I believe this is an important factor because for justice, which is fair and just, the court needs to be able to understand the act and offence in which they are charging the defendant in order for the right verdict to be passed. There were aims of proposed new offences that would enable violence to be dealt with successfully and that the law would be set out clearly in plain modern day terms. The purpose of the reforms was to replace outdated offences with a logical and consistent set of new offences.

The Government doesn't intend to make the offences more lenient, but to make them clearer and easier to digest. The Government produced a hierarchy of offences, which were reflected by the Law Commission. S18 wounding or causing GBH with intent, had a proposed new offence; this involves a person who is guilty of an offence if he INTENTIONALLY causes SERIOUS injury to another. The term injury means either physical injury (caused by disease, includes pain, unconsciousness and impairment of a persons physical condition) or mental injury (anything caused by disease and any impairment of a persons mental health).

S20 wounding or inflicting GBH, a person is guilty of an offence if he RECKLESSLY causes serious harm to another. The word recklessly in this offence has replaced maliciously. Common law assault and Battery, are described as a person being guilty of intentionally or recklessly applying force which causes an impact upon another (battery) and recklessly or intentionally causing others to believe that such a force or impact is imminent (assault).
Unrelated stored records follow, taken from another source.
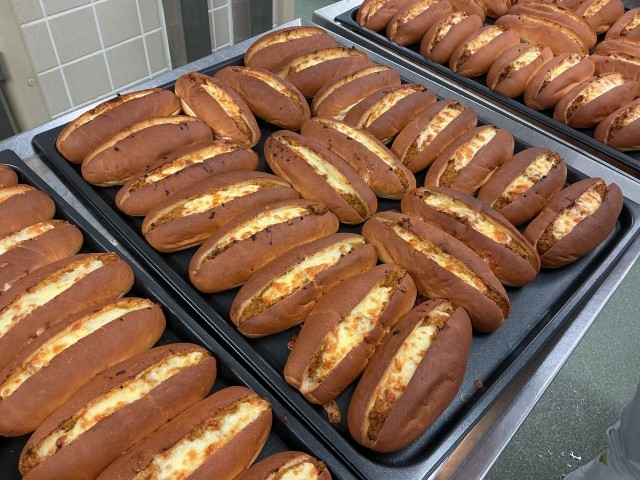 今日の主食は、カレーミートドッグです。切り込みを入れたコッペパンに、手作りのカレーミートソースを挟み、たっぷりチーズを上からかけて焼きました。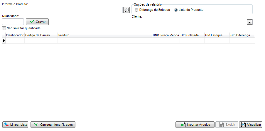 Marque a opção Lista de Presente nas Opções de Relatório. Em seguida, informe os produtos e as quantidades desejadas ou importe o arquivo do coletor de dados. Se desejar, informe o nome do Cliente. Feito isso clique em Visualizar.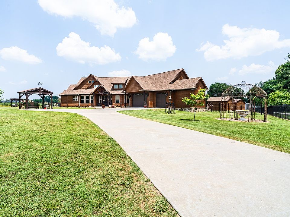Beautiful Gentleman's Farm! Unique Lodge style cedar home, large open floor plan with split bedrooms, iron fencing on 4.39 acres, well maintained, outbuildings for horses and feed/tack storage, 3 car garage, interior wood accents, 8 foot tall interior doors, knotty alder cabinets, plantation shutters, all granite counters, 3 bathrooms, 3 bedrooms, office, two fireplaces, 2 sun porches, covered porch, deck and patio, 2 gazebos, fire pit, 2 HVAC systems, attic storage with stairs, large cedar seasonal closet, hardwood floors, ten foot ceilings throughout, cathedral family room. porch swing, man cave store room, private, concrete driveway, in ground storm cellar, super insulated, great location on paved road, city water, natural gas, cable access, custom built, great family home with ample space for outside enjoyment, Brand new roof installed in August, 2023. HVAC vented into both enclosed porches.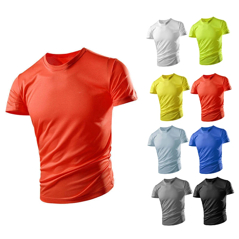 Новая мужская льда шелка с короткими рукавами футболка быстросохнущие одежда летние однотонные Цвет дышащие свободные размера плюс спортивная одежда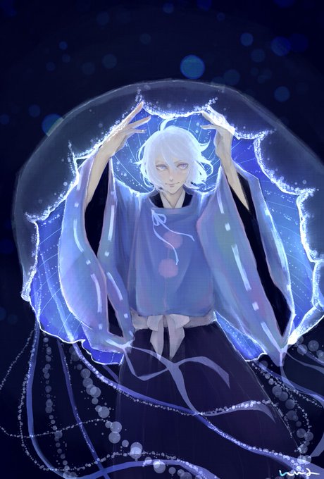 #twst_着物フェスタ2023 海月被衣⚔ 着物フェスタ2023という素晴らしい企画にシルバーくんで参加しました🙇♀️ 上記タグからツイステキャラの素敵な着物姿が見れますよー! #ツイステファンアート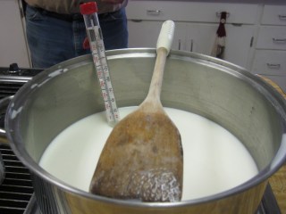 On Sunday, I had a wonderful experience of meeting a fellow named Tom and making goat cheese right in his kitchen.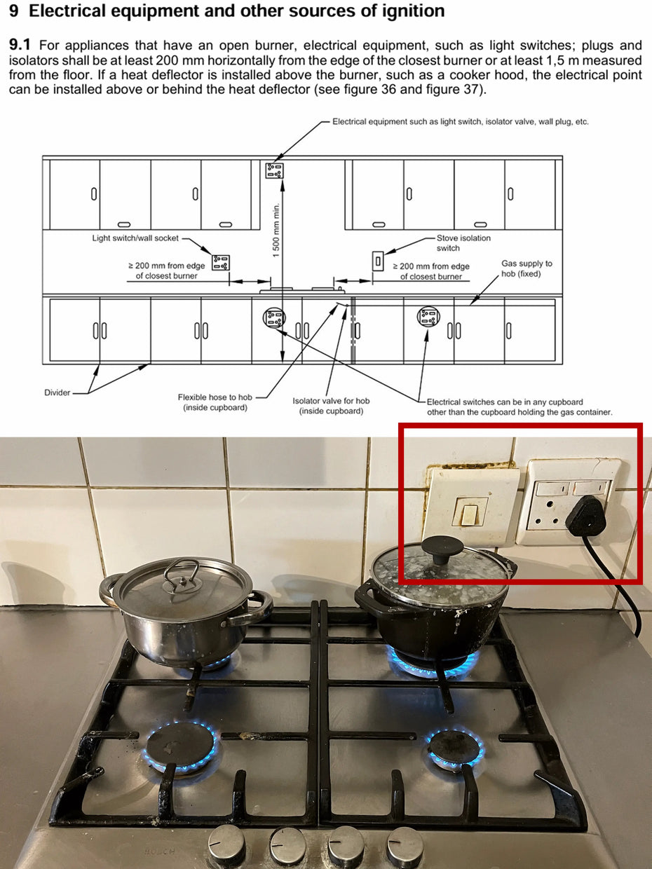 isolators shall be at least 200 mm horizontally from the edge of the closest burner or at least 1,5 m measured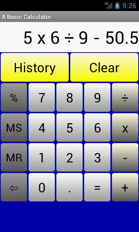 아무데 간단한 - 투 - 사용, 읽기 쉬운 계산기는 휴대 전화로갑니다. 또한, 뺄셈, 곱셈, 분열과 퍼센트 - 모두 기본적인 기능을 수행합니다. 모든 종과 경적에서 제거,이 계산기는 이름에서 내포대로 않습니다 - 그것은 단순히 계산합니다.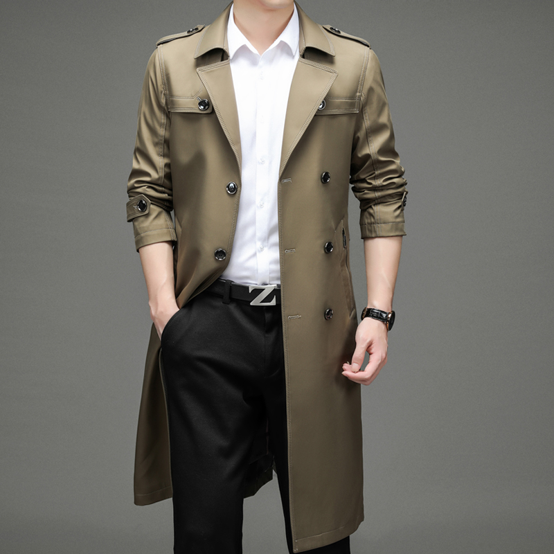 2025新款欧洲站大码春秋男装中年商务中长款风衣外套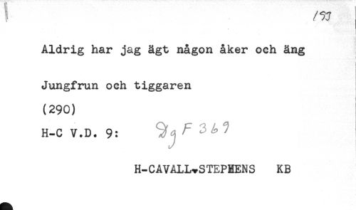 //// Åldrig har jag ägt någon åker och äng ; //// i //// t //// Jungfrun och tiggaren //// (290) //// H-C V.D. 9: ^ ^ ^ //// H-CAVALLvSTEPHENS KB ////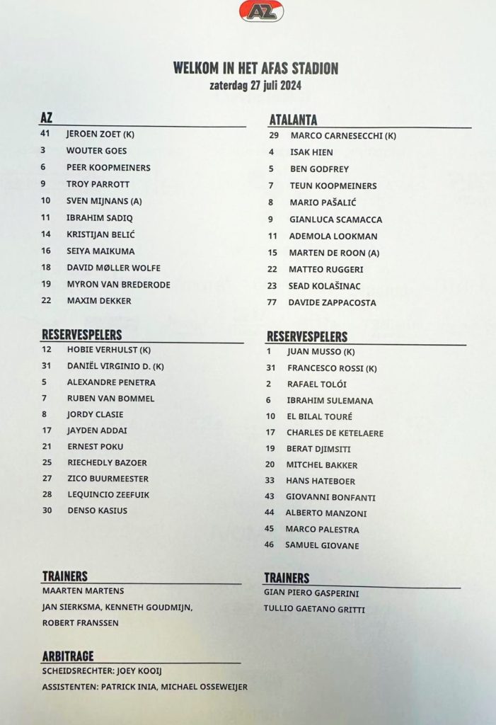 E' la squadra nella quale e' cresciuto e da dove lo abbiamo preso Teun Koopmeiners e che abbiamo incontrato, a Bergamo e perdendo 1-0, in un altra amichevole nel novembre '22 durante i mondiali qatarioti.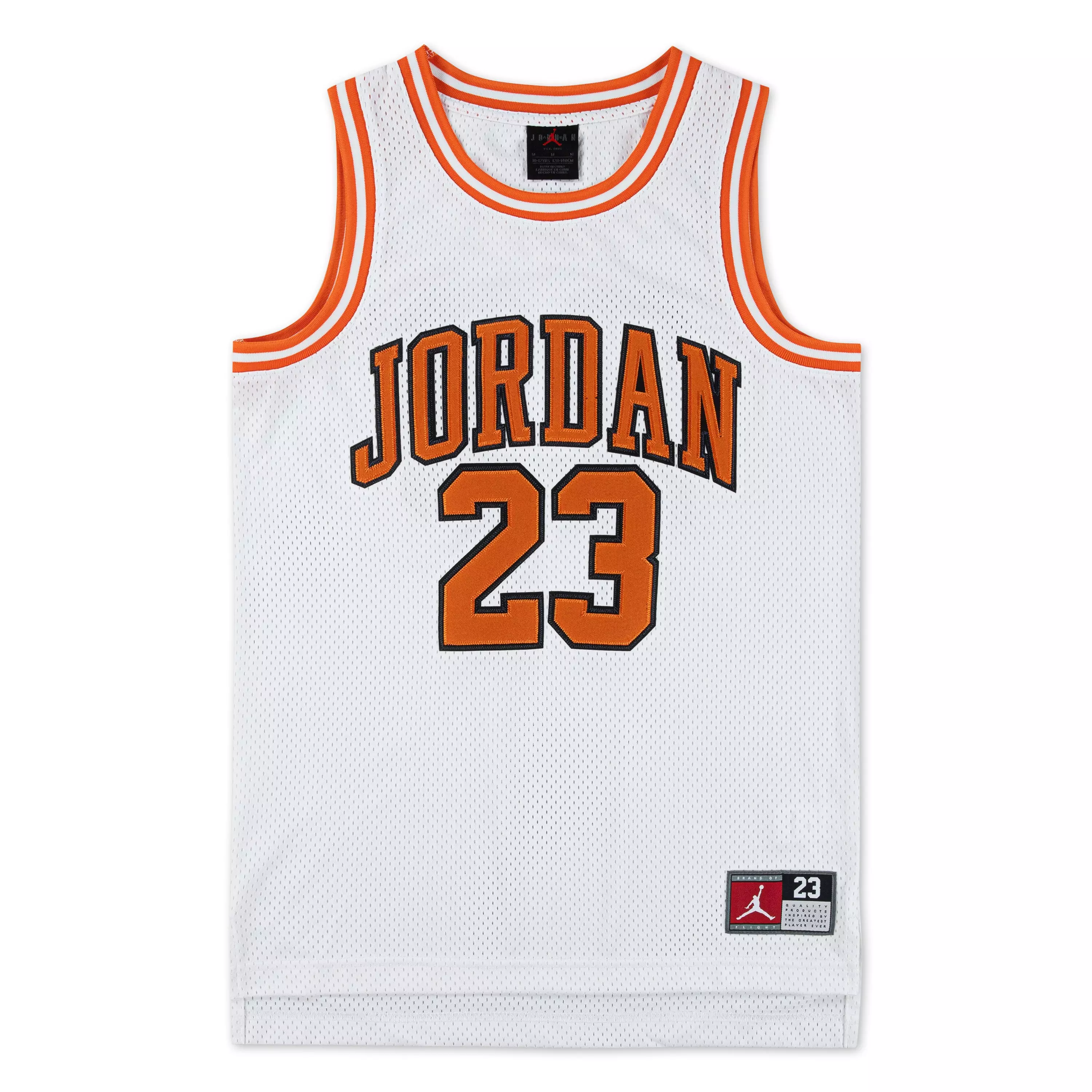 The Jordan Big Boys' Basketball Jersey - White/Orange channels the game’s heritage with bold, team-inspired colors. Modeled after what the pros wear, it delivers a classic, on-court look with a comfortable fit that stands out for practice, pickup runs, and everyday activity.

The new meanings for assault and battery are a lot easier to understand and use in a case.

The new term is short and easy to take in making the offence easier to understand. The Government have also put forward preferred definitions of the mens rea of an offence. Direct intent is where a person acts intentionally with a result of his purpose to cause the harm and oblique intent where it is not his purpose to cause harm, but he knows it would occur if he were to succeed in his purpose of causing some other result. The new terms of the definition of intention are a lot easier to follow and apply to a case. This means that the jury are less likely to make a mistake with intention in a case.

Therefore reform is necessary to keep the law on offences up to date with the social changes and expectations, which change in a society on a regular basis to keep a subsidised and fair equality for all people who commit wrongs. Through using the reform and keeping the law up to date the courts and juries are more likely to find sentencing of offences a lot easier and more suitable because they are shortened down and offences are categorized into adequate sub sections. Therefore an appropriate guideline is set which all people whether legal professionals or ordinary people are able to understand and apply properly to a case.